- _What this task involves_:
Everything in the entries below must be reproduced exactly, except the images.

- _Data for this task_:
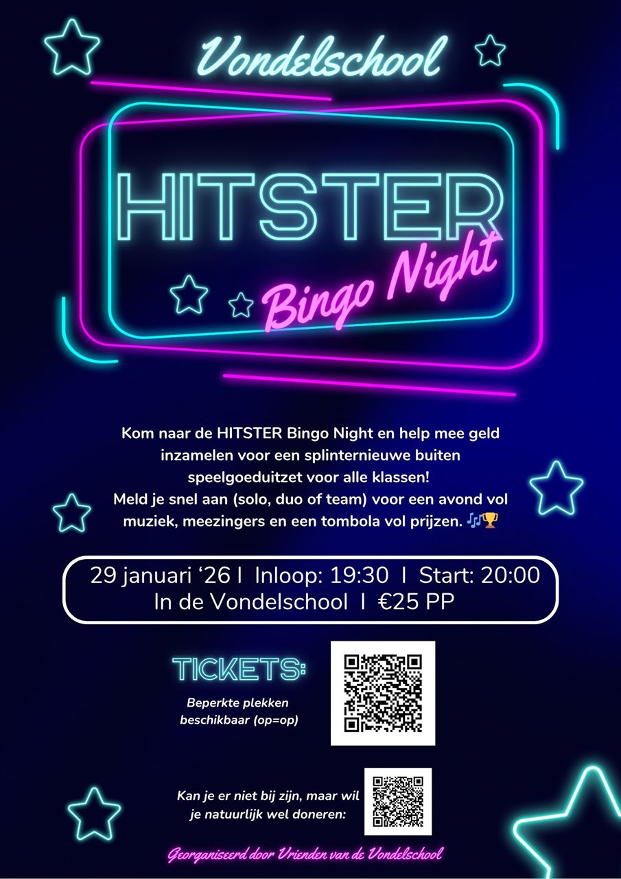 Met geweldige acties en terugkerende evenementen brengen we ouders, verzorgers en leerkrachten samen en halen we geld op. Afgelopen jaren waren er de Pubquiz, een terugkerend knalfeest voor ouders en leraren!, onze eigen Vondelschool Merchandise collectie waarbij van elke aankoop een deel naar het jaarlijkse spaardoel gaat én natuurlijk de vrijwillige bijdragen door het jaar heen. Dit jaar gooien we het over een nieuwe boeg en introduceren we de Hitster Bingo Night. Een avond om niet te missen!
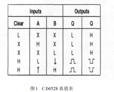 CD4528含兩個單穩態觸發器,其真值表如圖1。芯片3腳與13腳分別為其內部兩個獨立單穩態電路的Clear 端,5腳和11腳為單穩態的B輸入端,4腳與12腳為單穩態的A輸入端。B端接高電平,只有當Clear端為高電平時,A端輸入的上升沿觸發才會有效。
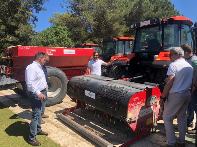 Loscampos de golf requieren un mantenimiento muy meticuloso, por ello AntonioGálvez, gerente de Tinegolf, recalca la importancia de contar con tractores conunas características muy definidas y que tengan una medida muy concreta,exactamente igual que la máquina, para poder realizar correctamente laborescomo el pinchado, recebo, verticutt, escarificado, etc.
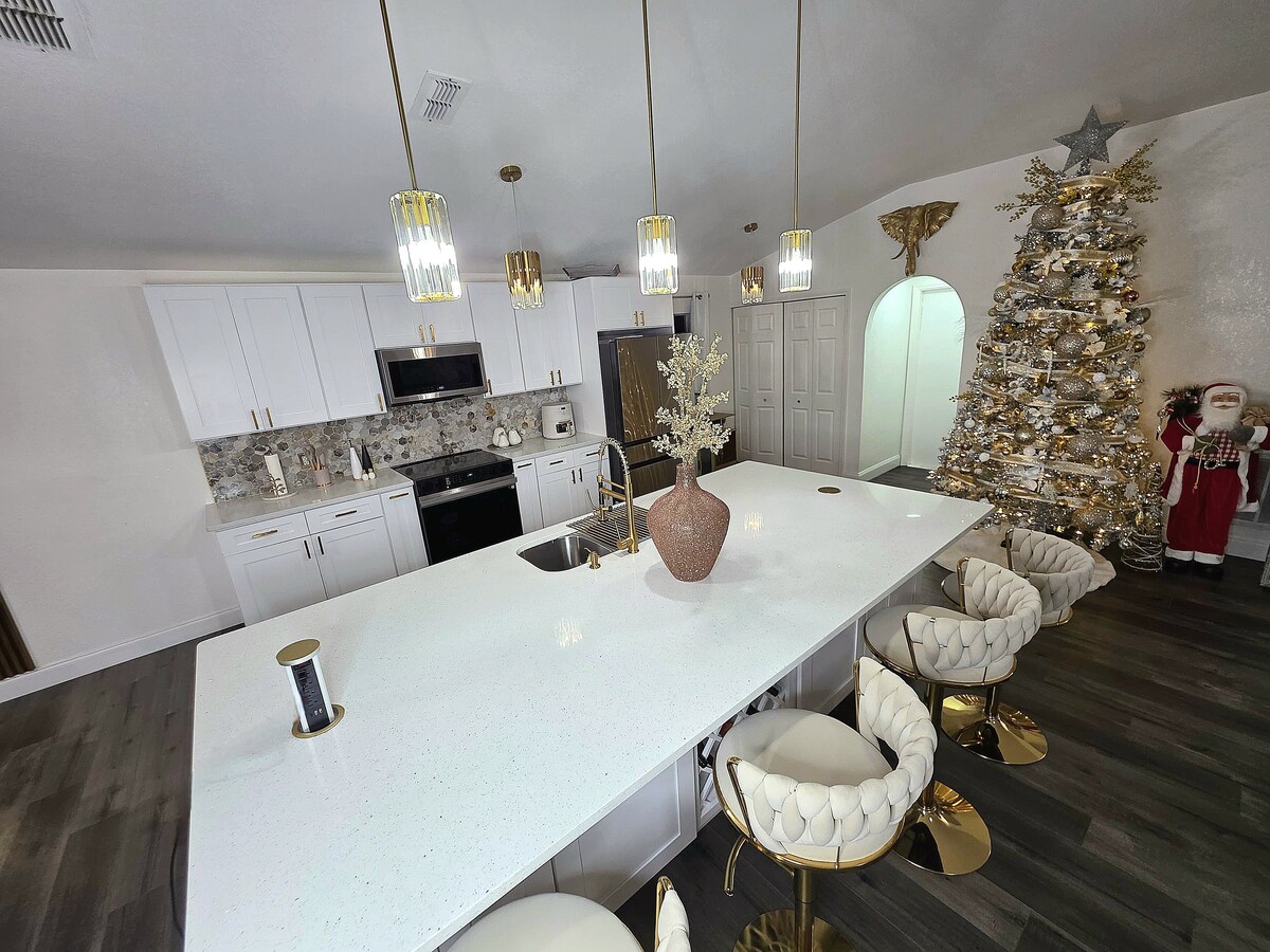 NO SE ADMITEN MASCOTAS. EL PROPIETARIO TIENE UNA ALERGIA GRAVE. Relájate en tu traje de cumpleaños en un divertido centro vacacional de Paradise Lakes con ropa opcional. Muebles modernos para hasta 4 personas con una cama tamaño king y un sofá cama de cuero en la sala de estar con colchón de espuma viscoelástica. Cocina completa con refrigerador, horno y microondas para cocinar, cafetera, lavadora y secadora para lavar la ropa, 2 televisores y una bañera para relajarse. Casa club con 2 piscinas, jacuzzi, eventos como karaoke, bandas en vivo y más (las tarifas varían según los días de la semana).
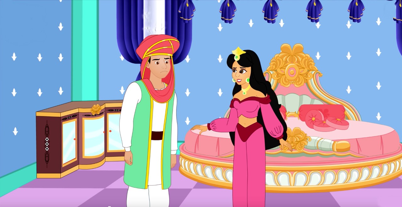 Xưa kia, trong thành Khaleb có một vị vua có khu vườn rất kỳ lạ: Hàng năm, cây cối trong vườn không ra hoa, kết quả mà cho những viên ngọc trai thật đẹp. Nhưng vào một ngày, có con quỷ đã phù phép biến hoá khiến cho không những cây cối không cho quả quý nữa mà ai ngủ qua đêm trong vườn sẽ bị chết thảm khốc. Vào buổi sáng, người ta đã thấy xác của một chàng trai can đảm bị chặt ra làm hai mảnh.
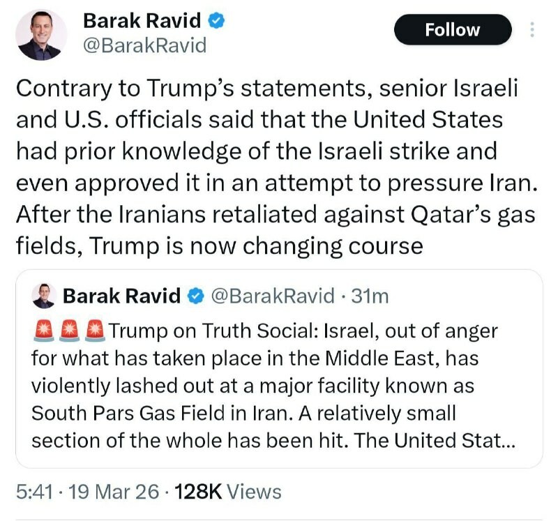 . Reportér Axios: byl o útoku na Jižní Pars informován, ale po íránské reakci to popřel Na rozdíl od Trumpových tvrzení, vysocí izraelští a američtí představitelé uvedli, že Spojené státy o izraelském útoku předem věděly a dokonce s ním
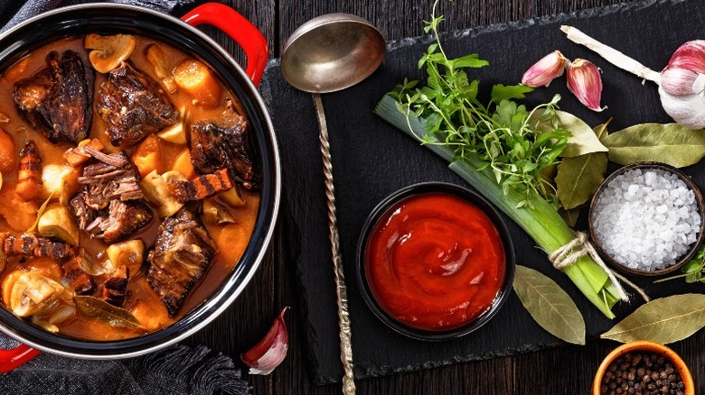 Combining a bouquet garni with other aromatics like mirepoix tastes incredible in dishes like red wine braised short ribs. A recipe like Anthony Bourdain's boeuf bourguignon, which uses aromatics like celery, garlic, and onion, also calls for several herbs and spices. Rather than fishing out the large pieces of herbs before serving, consider crafting a bouquet to cut down on effort when it is time to serve.
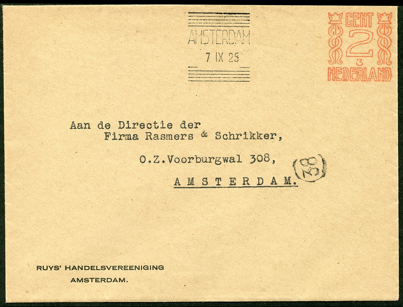 Eerste dag gebruik frankeermachine 7-9-1925. Drukwerkcouvert van Ruys' Handelsvereeniging met inhoud, een rondschrijven aan zakenrelaties waarin Ruys aangeeft de vertegenwoordiger te zijn van de 'Universal Postal Franker' in gevolge een overeenkomst met de Posterijen. Tevens prijst Ruys nog twee machines aan voor het maken van circulaires en adresseren van poststukken. Bijzonder geheel en een 'must-buy' voor verzamelaars van roodfrankeringen
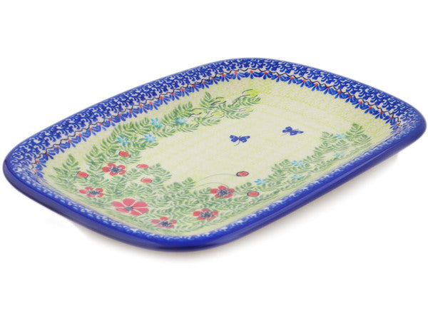 This Polish Pottery Platter is handmade and handpainted by the Ceramika Bona factory in Boleslawiec, Poland. Manufacturer item number H8768Q. It is 1¼" high and measures 13¾" by 9¾". The weight of this Platter is 2.9 lbs. It is part of the Metamorphosis Collection.
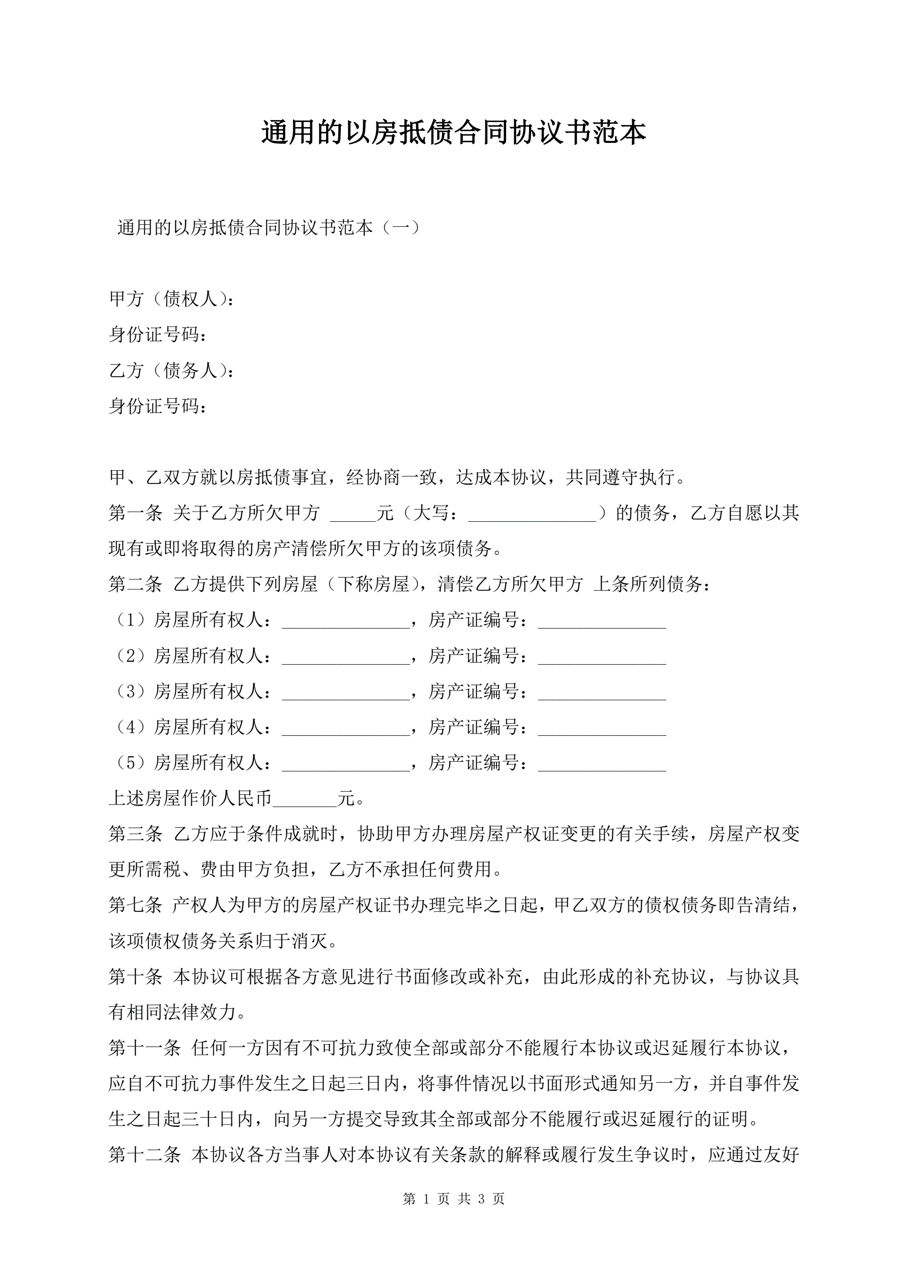 >通用的以房抵债合同协议书范本
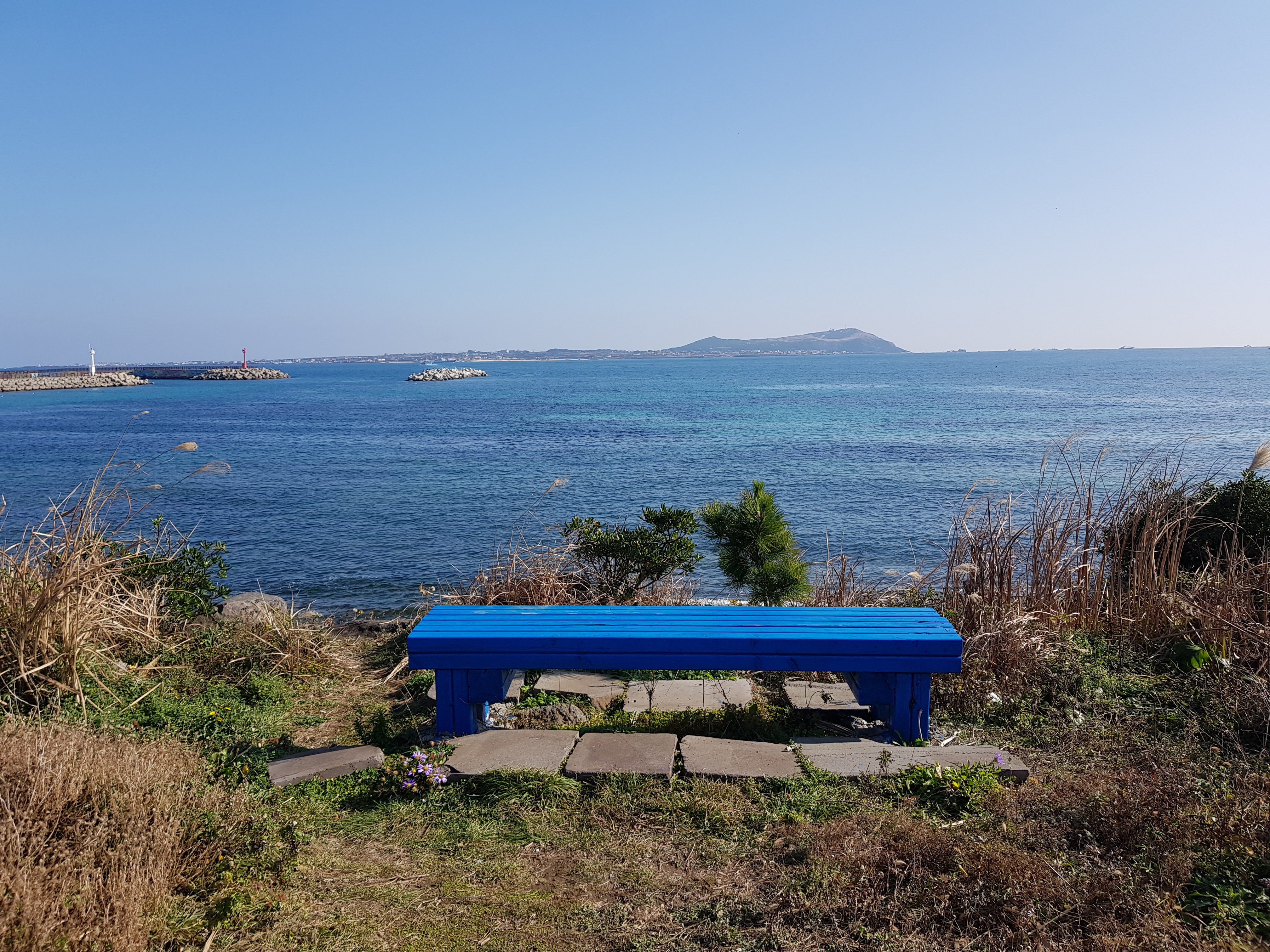 바로 인근에 위치한 지미봉입니다. 굳이 높은 산을 올라가지 않아도 좋은 제주도는 낮은 오름으로 충분히 그 감동을 느낄 수 있습니다. 위의 지미봉은 정상에 오르기에 약 20여분 소요되며 정상 인근의 전망대에는 우도가 한눈에 들어오는 좋은 풍경입니다. 시원하게 불어오는 바닷바람 맞으며 힘들게 올라간 산 전망대에서 시원한 바람과 화창 한하늘 그리고 그림 같은 바다에 나 홀로 앉아있는 우도 보기에 딱 좋은 곳입니다.
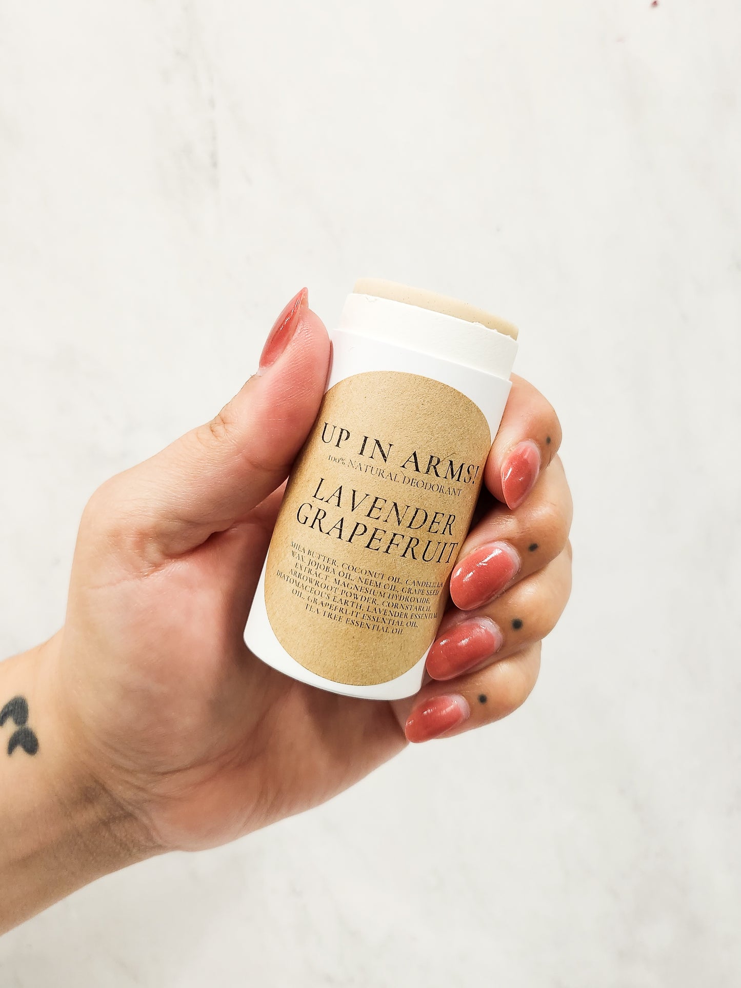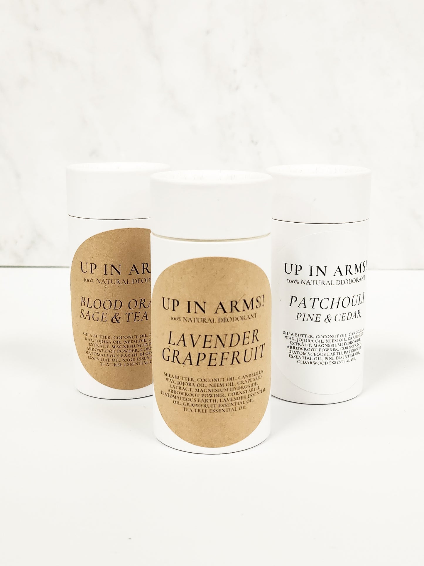 Smell ya never! This all-natural deodorant goes on smooth and leaves your underarms feeling silky and smelling fresh all day. Made with raw, unrefined Shea Butter and handmade Calendula Infused Jojoba Oil, our deodorant easily penetrates deep into your skin—guaranteeing hours of protection, comfort, and anti-bacterial defense. Sage and blood orange essential oils work hard to fight odor while tea tree essential oil reduces irritation and inflammation. Our Up in Arms! Deodorant was tested smack in the middle of the Louisiana summer and 9 out of 10 pits agree: it’s a lifesaver!

- _Written answer_:
 Met geweldige acties en terugkerende evenementen brengen we ouders, verzorgers en leerkrachten samen en halen we geld op. Afgelopen jaren waren er de Pubquiz, een terugkerend knalfeest voor ouders en leraren!, onze eigen Vondelschool Merchandise collectie waarbij van elke aankoop een deel naar het jaarlijkse spaardoel gaat én natuurlijk de vrijwillige bijdragen door het jaar heen. Dit jaar gooien we het over een nieuwe boeg en introduceren we de Hitster Bingo Night. Een avond om niet te missen!
 CD4528含兩個單穩態觸發器,其真值表如圖1。芯片3腳與13腳分別為其內部兩個獨立單穩態電路的Clear 端,5腳和11腳為單穩態的B輸入端,4腳與12腳為單穩態的A輸入端。B端接高電平,只有當Clear端為高電平時,A端輸入的上升沿觸發才會有效。
 Loscampos de golf requieren un mantenimiento muy meticuloso, por ello AntonioGálvez, gerente de Tinegolf, recalca la importancia de contar con tractores conunas características muy definidas y que tengan una medida muy concreta,exactamente igual que la máquina, para poder realizar correctamente laborescomo el pinchado, recebo, verticutt, escarificado, etc.
 NO SE ADMITEN MASCOTAS. EL PROPIETARIO TIENE UNA ALERGIA GRAVE. Relájate en tu traje de cumpleaños en un divertido centro vacacional de Paradise Lakes con ropa opcional. Muebles modernos para hasta 4 personas con una cama tamaño king y un sofá cama de cuero en la sala de estar con colchón de espuma viscoelástica. Cocina completa con refrigerador, horno y microondas para cocinar, cafetera, lavadora y secadora para lavar la ropa, 2 televisores y una bañera para relajarse. Casa club con 2 piscinas, jacuzzi, eventos como karaoke, bandas en vivo y más (las tarifas varían según los días de la semana).
 Xưa kia, trong thành Khaleb có một vị vua có khu vườn rất kỳ lạ: Hàng năm, cây cối trong vườn không ra hoa, kết quả mà cho những viên ngọc trai thật đẹp. Nhưng vào một ngày, có con quỷ đã phù phép biến hoá khiến cho không những cây cối không cho quả quý nữa mà ai ngủ qua đêm trong vườn sẽ bị chết thảm khốc. Vào buổi sáng, người ta đã thấy xác của một chàng trai can đảm bị chặt ra làm hai mảnh.
 . Reportér Axios: byl o útoku na Jižní Pars informován, ale po íránské reakci to popřel Na rozdíl od Trumpových tvrzení, vysocí izraelští a američtí představitelé uvedli, že Spojené státy o izraelském útoku předem věděly a dokonce s ním
 Combining a bouquet garni with other aromatics like mirepoix tastes incredible in dishes like red wine braised short ribs. A recipe like Anthony Bourdain's boeuf bourguignon, which uses aromatics like celery, garlic, and onion, also calls for several herbs and spices. Rather than fishing out the large pieces of herbs before serving, consider crafting a bouquet to cut down on effort when it is time to serve.
 Eerste dag gebruik frankeermachine 7-9-1925. Drukwerkcouvert van Ruys' Handelsvereeniging met inhoud, een rondschrijven aan zakenrelaties waarin Ruys aangeeft de vertegenwoordiger te zijn van de 'Universal Postal Franker' in gevolge een overeenkomst met de Posterijen. Tevens prijst Ruys nog twee machines aan voor het maken van circulaires en adresseren van poststukken. Bijzonder geheel en een 'must-buy' voor verzamelaars van roodfrankeringen
 This Polish Pottery Platter is handmade and handpainted by the Ceramika Bona factory in Boleslawiec, Poland. Manufacturer item number H8768Q. It is 1¼" high and measures 13¾" by 9¾". The weight of this Platter is 2.9 lbs. It is part of the Metamorphosis Collection.
 >通用的以房抵债合同协议书范本
 바로 인근에 위치한 지미봉입니다. 굳이 높은 산을 올라가지 않아도 좋은 제주도는 낮은 오름으로 충분히 그 감동을 느낄 수 있습니다. 위의 지미봉은 정상에 오르기에 약 20여분 소요되며 정상 인근의 전망대에는 우도가 한눈에 들어오는 좋은 풍경입니다. 시원하게 불어오는 바닷바람 맞으며 힘들게 올라간 산 전망대에서 시원한 바람과 화창 한하늘 그리고 그림 같은 바다에 나 홀로 앉아있는 우도 보기에 딱 좋은 곳입니다.
 Smell ya never! This all-natural deodorant goes on smooth and leaves your underarms feeling silky and smelling fresh all day. Made with raw, unrefined Shea Butter and handmade Calendula Infused Jojoba Oil, our deodorant easily penetrates deep into your skin—guaranteeing hours of protection, comfort, and anti-bacterial defense. Sage and blood orange essential oils work hard to fight odor while tea tree essential oil reduces irritation and inflammation. Our Up in Arms! Deodorant was tested smack in the middle of the Louisiana summer and 9 out of 10 pits agree: it’s a lifesaver!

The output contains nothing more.